Prodotti ittici dell’acquacoltura nazionale a rischio a causa dell’impennata dei costi di produzione, soprattutto energetici, alimentari e di trasporto. La congiuntura legata alla guerra in Ucraina ha fatto aumentare di oltre il 50% i costi medi di produzione del settore, ma per alcuni fattori di produzione le spese sono più che raddoppiate e raggiungono vette insostenibili.
A lanciare l’allarme è Andrea Fabris, direttore di API (Associazione piscicoltori italiani): “Fino al 2021, il costo maggiore di un impianto di acquacoltura era rappresentato dalle spese di alimentazione che incidevano per circa il 50-65% sul totale. Oggi questa percentuale si è ridotta perché è stata superata dall’aumento di altre voci di spesa, prima fra tutti quella dell’energia”.
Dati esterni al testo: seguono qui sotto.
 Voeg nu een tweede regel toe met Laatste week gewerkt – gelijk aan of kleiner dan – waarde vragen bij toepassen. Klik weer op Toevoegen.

Entrando nel dettaglio i costi dell’energia elettrica, utilizzata ad esempio per pompare l’acqua nelle vasche di allevamento, hanno raggiunto aumenti del 200%-300%. Anche il prezzo dell’ossigeno liquido è lievitato del 250%. Sono cresciuti del 35% i costi dei mangimi, senza contare l’aumento delle spese per i trasporti, la logistica e gli imballaggi o il costo degli avannotti. Per chi lavora in mare c’è anche il rincaro dei carburanti agricoli, cui si aggiungono, per tutti gli impianti ittici, gli incrementi di listini dei pezzi di ricambio e delle manutenzioni.
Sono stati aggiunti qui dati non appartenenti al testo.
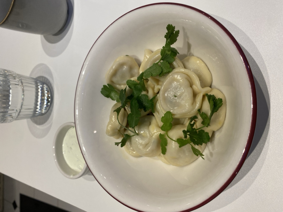 - "A top-down shot showcases a white bowl filled with boiled dumplings, garnished with fresh parsley" by FM-WFDIY2, licensed under CC BY 4.0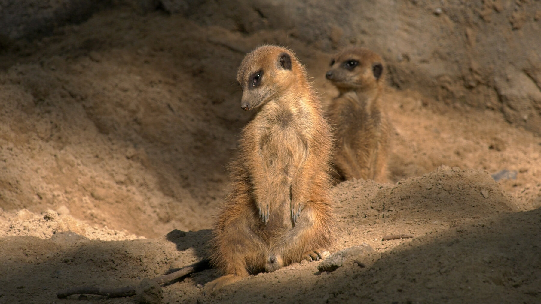 Erdmännchen sind wahre Sonnenanbeter. Und was gibt es denn Schöneres, als sich die warmen Sonnenstrahlen Mitte September aufs Fell scheinen zu lassen!?

“Già prima della crisi ucraina-russa, da dicembre 2021- gennaio 2022, si erano registrati – spiega Fabris – i primi aumenti dei costi di alimentazione e dell’energia, ma a dare il colpo di grazia è stata la siccità che sta penalizzando soprattutto gli allevamenti ittici d’acqua dolce in alcune zone del Nord Italia. Si è registrata una maggiore necessità di utilizzo dell’acqua dal sottosuolo per alimentare le vasche con conseguenti aggravi sulla bolletta dell’elettricità”.
Tutto questo ha inciso non solo sui costi di produzione diretti che hanno subito un incremento medio del 50%, ma anche sulla programmazione produttiva del settore.
L’itticoltura, come sottolinea Fabris, ha dei cicli di produzione molto lunghi che vanno dai 15 ai 24 o 36 mesi: ad esempio occorrono dai 12 ai 15 mesi per gli allevamenti di trote, per spigole e orate si arriva a 24 mesi fino al massimo dei 7 anni richiesti dal caviale. “A causa della siccità e dei costi elevati di produzione gli allevatori saranno costretti ad anticipare le vendite senza poter mantenere prodotti in stock negli allevamenti – spiega Fabris –. Tenderanno, infatti, a commercializzare pesci di piccola pezzatura rinunciando a una produzione di pregio di una certa dimensione che viene richiesta in determinate periodi dell’anno come le feste natalizie, ma che necessita di una programmazione”.
“Chiediamo quindi al Governo un immediato intervento a sostegno del settore - sottolinea il direttore di API -. Ci sono disponibilità, in questo senso, legate all’utilizzo dei fondi europei per il settore. Mi riferisco alle risorse del Feampa, il Fondo europeo per la pesca e l’acquacoltura. Chiediamo che parte di queste risorse servano compensare gli aumenti dei costi di produzione in modo da garantire la sopravvivenza delle imprese del comparto”.
L’Italia ha prodotto nel 2021oltre 62mila tonnellate di pesci allevati in più di seicento siti produttivi generando quasi 300 milioni di euro di giro d’affari. L’itticoltura del nostro Paese vanta alcuni primati, come quello di primo produttore Ue di trota iridea con 37mila tonnellate, primo produttore di caviale da storione in Europa e secondo nel mondo. Per quanto riguarda le spigole e le orate in Italia se ne producono più di 17mila tonnellate anche se i volumi non coprono il fabbisogno interno. (F.B.)